**Assignment**
Return the lines below exactly, from the first line to the line that contains "Dhiyona RJ 22K". Leave out pictures.

-------- Dataset section

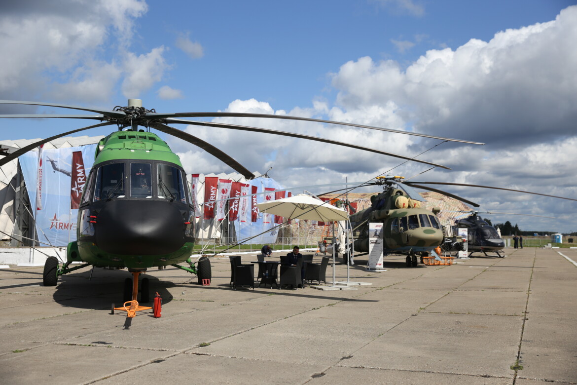 На аэродроме Кубинка — внешней экспозиции холдинга «Вертолеты России» (входит в Госкорпорацию Ростех) — КВЗ представил военно-транспортные Ми-17В-5 и Ми-38Т и вертолет премиум-класса Ансат Aurus.
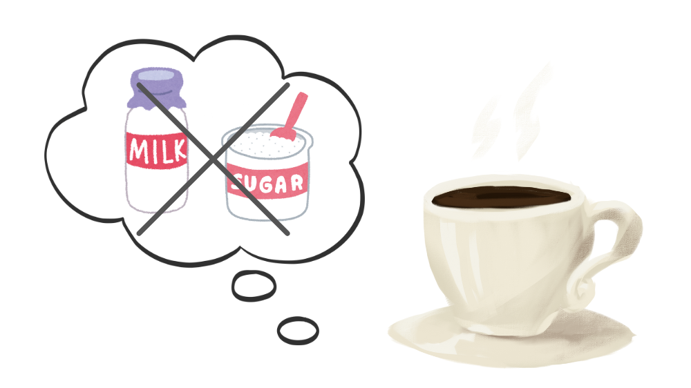 砂糖やクリープなど入れないブラックのコーヒーにしようね!
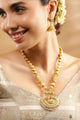 Dhiyona RJ 22K Gold-Plated Pendant Jewellery Set with Golden & Pearl Beads and Ruby Red Stone
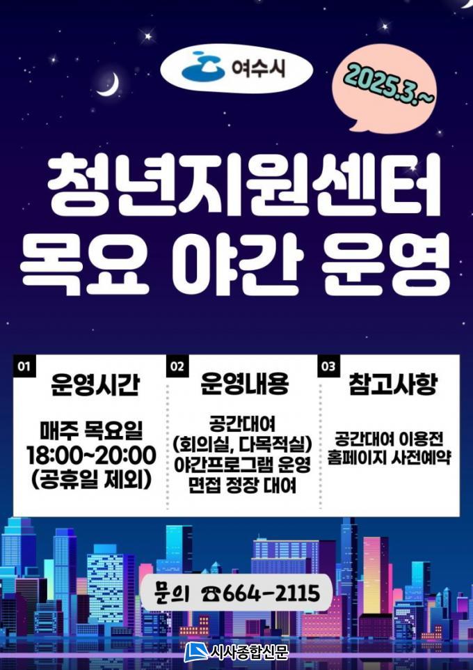| ¿©¼ö½Ã û³âÁö¿ø¼¾ÅͰ¡ ¸ÅÁÖ ¸ñ¿äÀÏ ¿ÀÈÄ 6½ÃºÎÅÍ 8½Ã±îÁö ¾ß°£ ¿î¿µÀ» °³½ÃÇÑ´Ù. |

----------------

**Task solution**
 На аэродроме Кубинка — внешней экспозиции холдинга «Вертолеты России» (входит в Госкорпорацию Ростех) — КВЗ представил военно-транспортные Ми-17В-5 и Ми-38Т и вертолет премиум-класса Ансат Aurus.
 砂糖やクリープなど入れないブラックのコーヒーにしようね!
 Dhiyona RJ 22K Gold-Plated Pendant Jewellery Set with Golden & Pearl Beads and Ruby Red Stone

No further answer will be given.